WHAT THE TASK ASKS:
Among the entries below, find the line with "Reisen Sie entspannt" and the line with "コースの最初に登場するアミュ". Return exactly those lines and every line between them, but no pictures.

Data records:
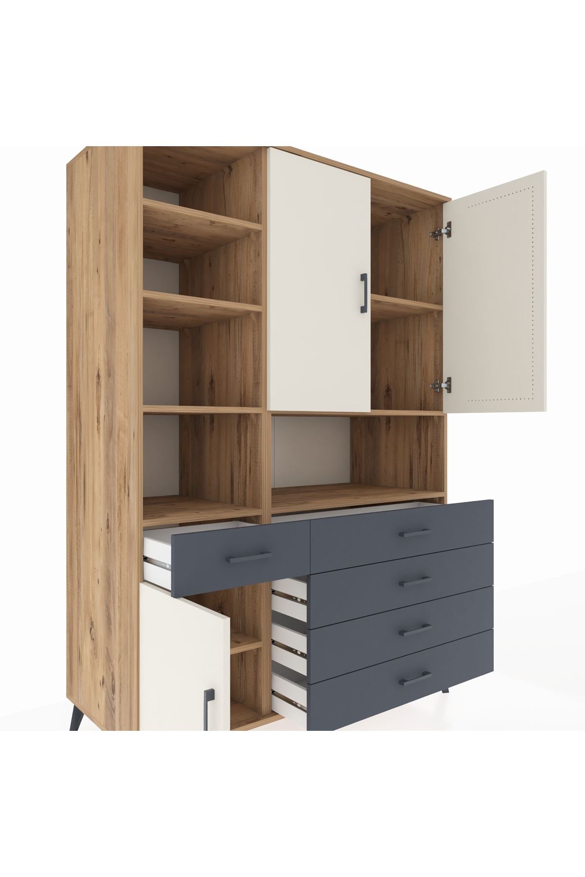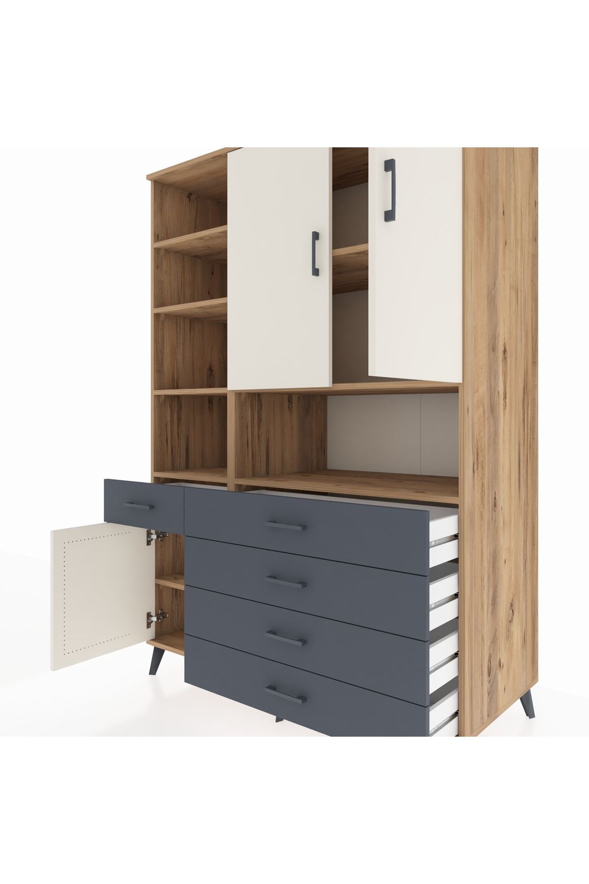 Kronos Dolap 8 Raflı 5 Çekmeceli 3 Kapaklı 132x59x195 Çam-Aytaşı/Antrasit
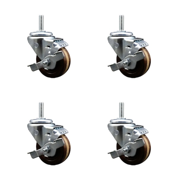 3 Inch High Temp Phenolic 34 Inch Threaded Stem Caster Set with Brake
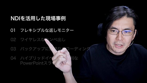 さて、今回は「NDIを用いた次世代のライブ配信システム」をテーマにお届けしました。NDIは、これまでのHDMIやSDIの代替技術として捉える方も多くいらっしゃいますが、その魅力は「NDIならではの活用」によって引き出されると私は捉えています。
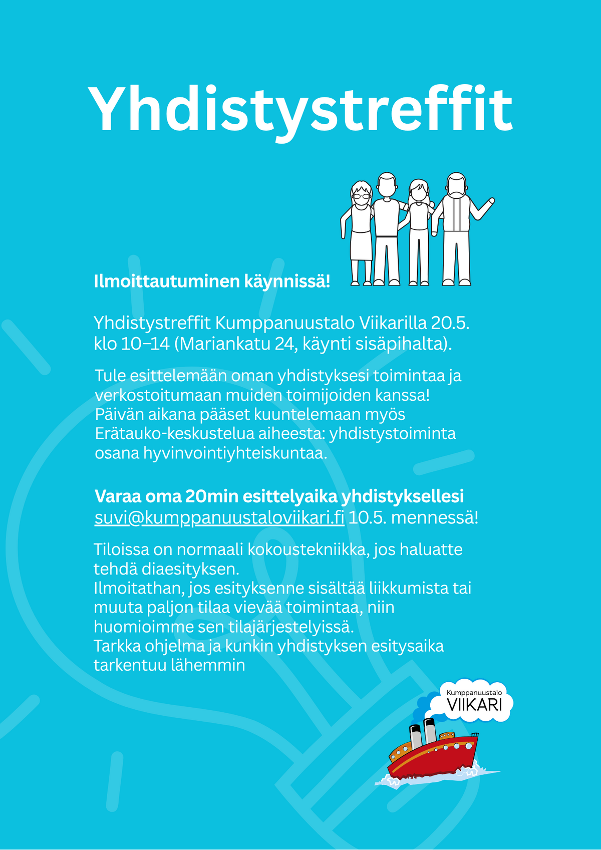 Ilmoittautuminen Kumppanuustalo Viikarilla 20.5. klo 10–14 järjestettäville yhdistystreffeille on käynnissä! Jos haluatte tulla esittelemään n. 20min ajaksi toimintaanne, ilmoittautukaa suvi@kumppanuustaloviikari.fi 10.5. mennessä. Tänä vuonna tarkoituksena on, että mahdollisimman moni yhdistys pääsisi esittelemään omaa toimintaansa ja vastaavasti tutustumaan toisten toimintaan sekä verkostoitumaan.
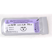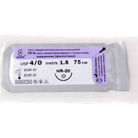 ПГА плетеный фиолетовый МР(1,5), USP(4/0), длина 75 см, игла колющая HR-20, 1/2 окружности, Россия (ООО "Линтекс") 11015A200750
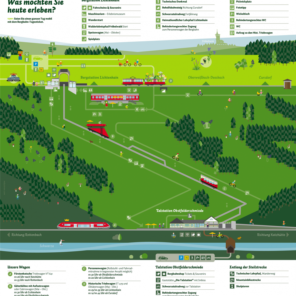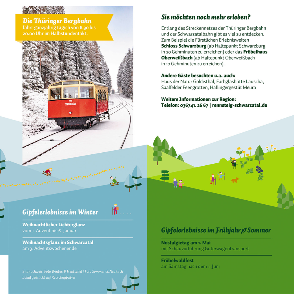 Reisen Sie entspannt stündlich mit dem Zug aus Erfurt oder Saalfeld an. Bereits ab Rottenbach gelten die Bergbahn-Tickets. Die Schwarzatalbahn gewährt direkten Anschluss an die aus Saalfeld und Erfurt kommenden Züge.
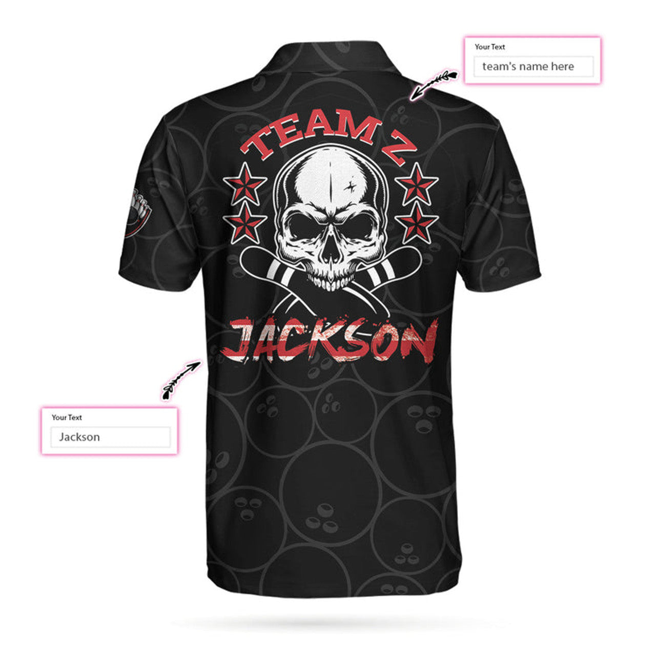 Custom Bowling Team Skull Short Sleeve Custom Polo Shirt, Personalized Skull American Flag Polo Shirt, Bowling Shirt For Men
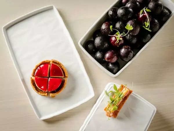 コースの最初に登場するアミューズ3種。本来は、一品づつ登場する手前から、『秋鮭のマリネパルメザン卵黄』、『フォアグラのムーストマトハイビスカス』、『巨峰のモザイクライチシトロン』。巨峰に似せているのは、ライチとレモンのクリームをカカオバターとカシスのジュレで覆ったもの。
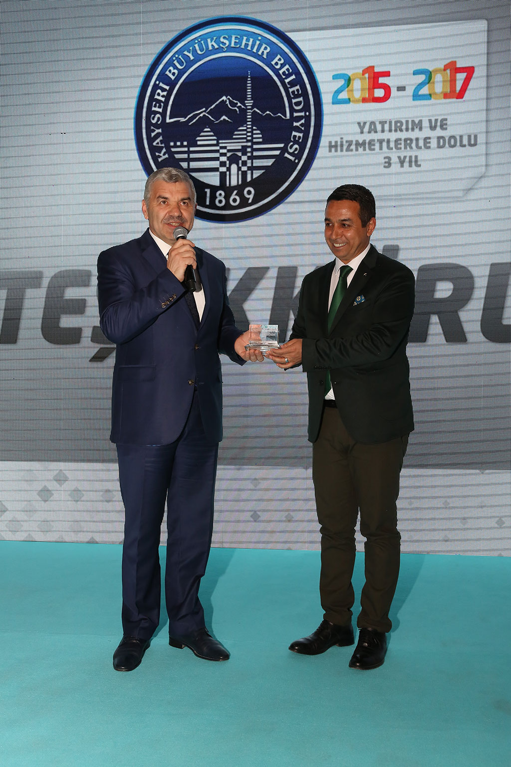 Büyükşehir Belediye Başkanı Mustafa Çelik, “Yerel Buluşmalar” adı altında farklı kesimlerle bir araya geliyor. Yerel Buluşmalar toplantısının ilki minibüs ve servis işletmecileri ile yapıldı. Kadir Has Spor ve Kongre Merkezi’nde yapılan toplantıda Büyükşehir Belediyesi’nin üç yılını değerlendiren Başkan Çelik, belediyecilik tarihinin en yoğun yıllarının yaşandığını söyledi. Büyükşehir Belediye Başkanı Mustafa Çelik, minibüs ve servis işletmecilerinin katılımıyla yapılan toplantıda ülkemiz için katma değer oluşturan, vergi veren, istihdam sağlayan herkesin yanında olmayı bir borç olarak gördüklerini söyledi. Bu anlamda esnaf ve iş adamlarına her zaman destek verdiklerini dile getiren Başkan Çelik, “Sizlerle birlikte yaklaşık 8 bin kişinin yükünü devletimizin sırtından alıyorsanız bizim de sizin yanınızda olmamız gerekiyor” dedi. “KAYSERİ BELEDİYECİLİĞİNİN EN YOĞUN YILLARINI YAŞIYORUZ” Büyükşehir Belediye Başkanlığı’na başlamasıyla birlikte toplumun her kesimiyle ortak akıl toplantıları yaptıklarını, kurum içinde beyin fırtınaları gerçekleştirdiklerini dile getiren Başkan Mustafa Çelik, her kesimin isteklerini ve önceliklerini alarak bir yol haritası belirlediklerini söyledi. “Planlı Gelişim, Estetik Dönüşüm ve Fonksiyonel Gelişim” vizyonu doğrultusunda öncelikle planlamaya önem verdiklerini vurgulayan Başkan Çelik, “Yapmış olduğumuz master planlara uygun şekilde büyük ölçekli projelere başladık. Yapım maliyeti 1 milyon TL ve üzeri 742 ihale gerçekleştirdik. Bu ihalelerin toplam bedeli 1 milyar 546 milyon TL’ye ulaştı. Üç yılda 5 bin 700 noktada çalıştık. Kayseri belediyeciliğinin en yoğun üç yılı geçti. Çünkü daha önce 5 ilçe Büyükşehir Belediyesi’ne bağlıydı; ama şimdi 16 ilçe bağlı ve biz 16 ilçede de çalışıyoruz” diye konuştu. 2015-2018 yılları arasında yapılan çalışmalarla ilgili bazı rakamlar da veren Başkan Mustafa Çelik, “656 kilometre sıcak asfalt, 1310 km sathi kaplama yol yaptık. 2 milyon 650 bin metrekare kilitli parke ile bu alanda rekor kırdık. 42 spor sahası yaptık. 260 tarım makinesini ilçelerimize dağıttık. 344 çocuk oyun grubu ve 275 bin metrekare yeşil alanı kazandırdık. 17 sosyal yaşam merkezi, 10 köprülü kavşak, 10’dan fazla bağlantı köprüsü yaptık” dedi. Kayseri’yi büyütmek ve bu şehirde yaşayanların konforunu artırmak için büyük bir gayretle çalıştıklarını dile getiren Büyükşehir Belediye Başkanı Mustafa Çelik, ulaşım, altyapı yatırımları, kentsel dönüşüm, Beydeğirmeni gibi şehre ekonomik katkı verecek projeler, yeşil alan yatırımları, ilçelere yapılan yatırımlar, sosyal tesis yatırımları, kamuya yapılan prestijli binalar, Kent Ekmek, kültür sanat çalışmaları, kütüphane yatırımları, mezarlıkta yapılan düzenlemeler, spora verilen destek, kitle sporları, KAYMEK hizmetleri, KAYTUR tesisleri BÜSAM çalışmaları, sosyal projeler, Erciyes’e yapılan yatırımlar ve tanıtım çalışmaları gibi konularda bilgiler verdi. Başkan Mustafa Çelik’in açıklamalarının ardından Kayseri Minibüsçüler ve Servis İşletmecileri Esnaf Odası Başkanı Yavuz Ay, bir şehrin farkını anlamak için başka şehirleri görmek gerektiğini belirtti ve Kayseri’nin bu anlamda farklı bir şehir olduğunu söyledi. Yavuz Ay, Başkan Mustafa Çelik’e yapmış olduğu çalışmalardan dolayı teşekkür ederek teşekkür plaketi takdim etti.
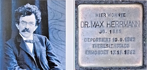 Von seiner Schülerin Ruth Mövius stammt eine bewegende Erinnerung an die Drangsalierungen durch die NS-Rassegesetze, die Herrmann erdulden musste. „Ich erinnere mich deutlich eines Tages, an dem Max Herrmann eben zu solcher Einsichtnahme in die Staatsbibliothek ging. Ja, er ‚ging‘: von der Eislebener Straße am Bahnhof Zoo bis Unter den Linden, denn die Benutzung von Bahnen aller Art war Juden verboten. Ich hatte ihn gebeten, ihn begleiten zu dürfen. Und es ist mir unvergesslich, wie wir nicht durch den Tiergarten auf kürzestem Wege gehen konnten, weil Juden Grünanlagen nicht betreten durften. Umweg um Umweg mussten wir machen, weil ihm das Überqueren gewisser Straßenzüge verboten war. Die Benutzung einer Bank an irgendeiner Straßenseite war dem mit einem Stern Gezeichneten untersagt. Und so kam er nach mehr als zweistündigem Weg völlig erschöpft in der Ausleihe an. Ich sehe ihn noch, tief ausatmend, in eines der Ledersofas sinken – wenige Sekunden später kam ein Beamter der Ausleihe auf ihn zu und erklärte dem 75jährigen, er möchte aufstehen, als Jude habe er nicht das Recht, irgendwo im Hause der Staatsbibliothek zu sitzen. Mit unnachahmlicher Hoheit und Würde erhob sich Max Herrmann und stellte sich nun an eines der Stehpulte, um dort mit eiserner Energie etwa ¾ Std. stehend zu arbeiten und dann wieder auf sinnlosen Umwegen den über zweistündigen Rückweg anzutreten.“

SOLUTION TO THIS EXERCISE:
 Reisen Sie entspannt stündlich mit dem Zug aus Erfurt oder Saalfeld an. Bereits ab Rottenbach gelten die Bergbahn-Tickets. Die Schwarzatalbahn gewährt direkten Anschluss an die aus Saalfeld und Erfurt kommenden Züge.
 Custom Bowling Team Skull Short Sleeve Custom Polo Shirt, Personalized Skull American Flag Polo Shirt, Bowling Shirt For Men
 コースの最初に登場するアミューズ3種。本来は、一品づつ登場する手前から、『秋鮭のマリネパルメザン卵黄』、『フォアグラのムーストマトハイビスカス』、『巨峰のモザイクライチシトロン』。巨峰に似せているのは、ライチとレモンのクリームをカカオバターとカシスのジュレで覆ったもの。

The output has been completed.